We have a large database that contains the lifetime history of our trucks GPS locations. The data in these tables is entered once every 10 seconds per truck, given the fact that we have about 30 trucks on average there are about 31536000 entries into this table per year and we have been running this program for several years now. We need a quick way to get the most recent location for every truck on the fleet regardless of whether it was last reported 10 seconds ago or 10 days ago.
For a while we had created a simple SQL query that returned the MAX(date) record for each given truck and this seemed to work all right. That is until yesterday evening, at that time the query that I just mentioned was taking somewhere in the realm of 10-15 minutes to execute, just long enough for our program to time out.
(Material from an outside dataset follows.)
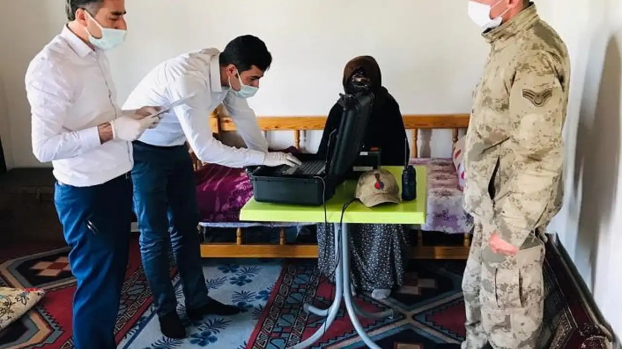 Adıyaman´ın Sincik ilçesine bağlı İnlice Beldesinde ikamet eden Hatun Çok´a Sincik Nüfus Müdürlüğü personeli evinde parmak izini alarak cipli kimlik kartı verdi.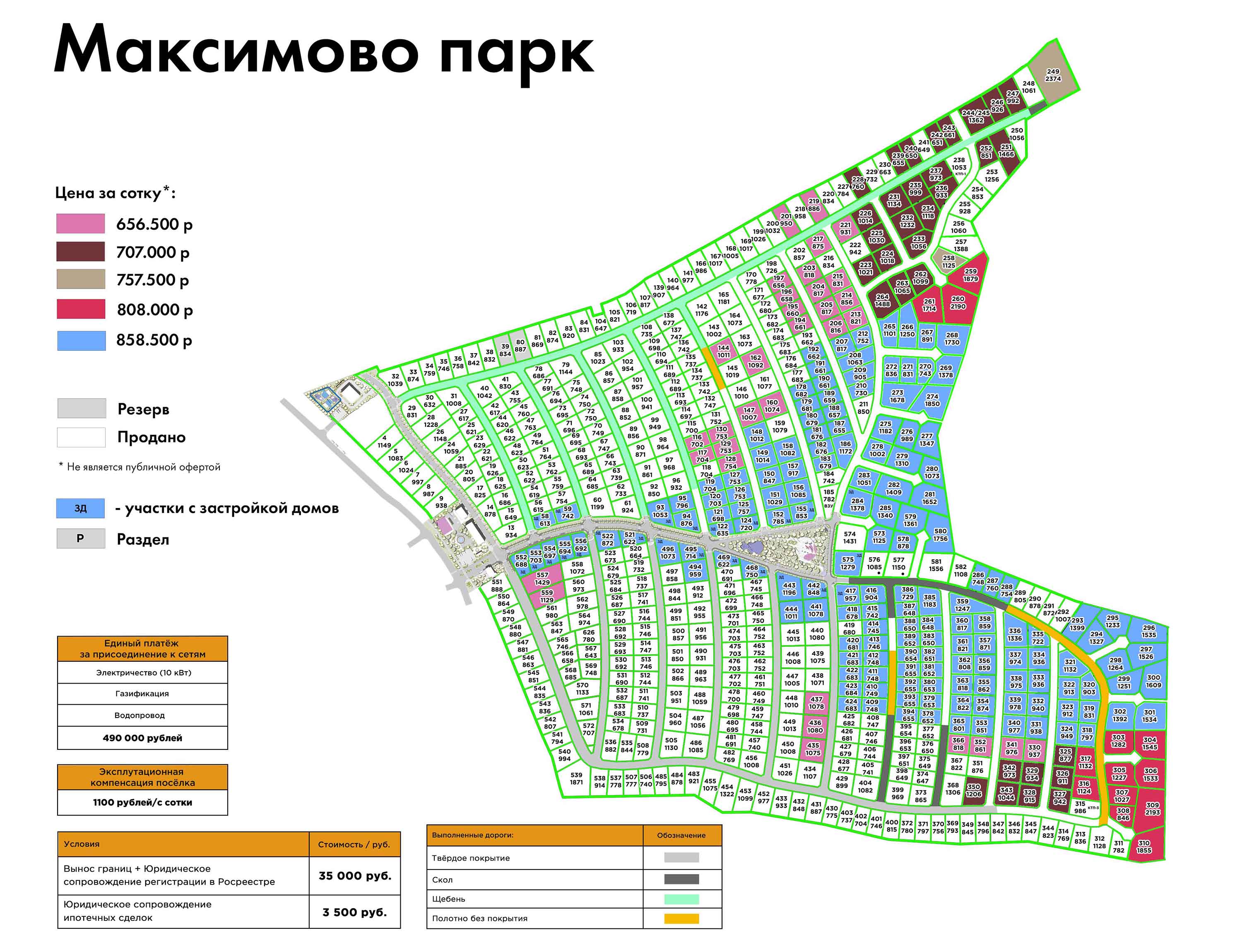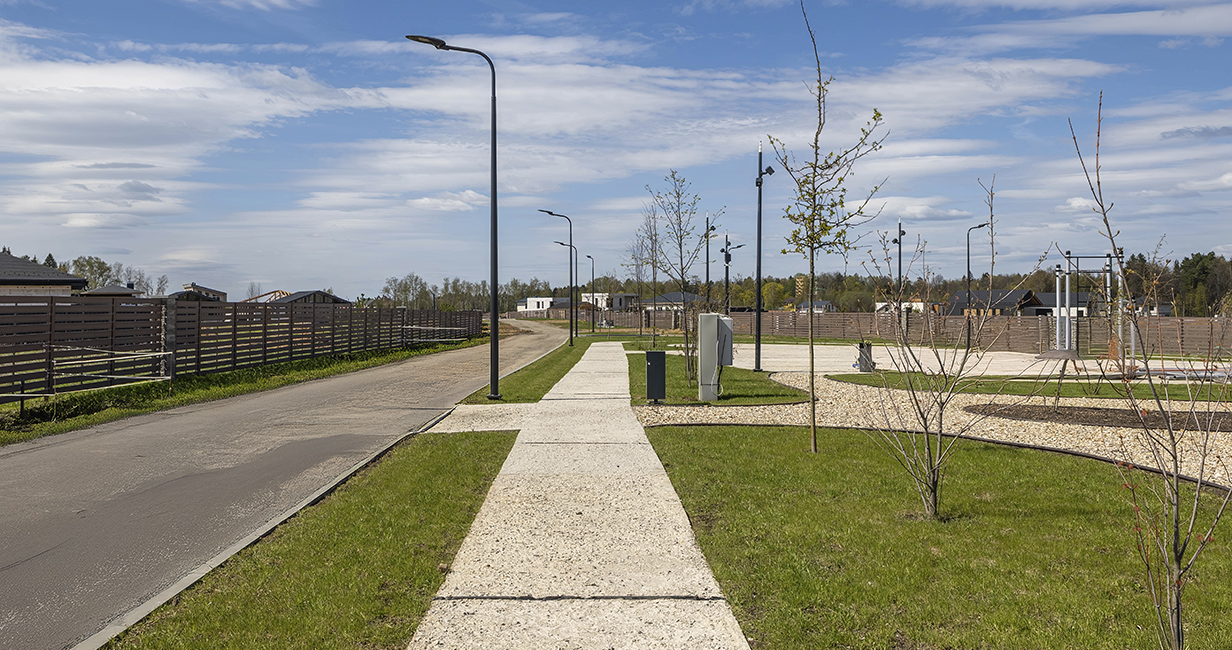 В поселке дорожная сеть с твердым покрытием: асфальтированная дорога

Our table now contains somewhere in the realm of two billion records and this query is just not efficient enough. We attempted to optimize the query and gained some performance but not nearly enough to make a sustainable difference in the future.
The program that relies on this query is a real time monitoring system and we cannot sit there and wait for this to process during several minutes. An idea I had was to intercept the incoming stream and tag it as “most-recent” before insertion thus allowing a simple query such as “SELECT * FROM TABLE WHERE MOST-RECENT=true” would work. The challenge with this approach was, the interception of the data. We knew that we could write a simple database trigger, but had no idea if would allow us to modify the incoming data stream.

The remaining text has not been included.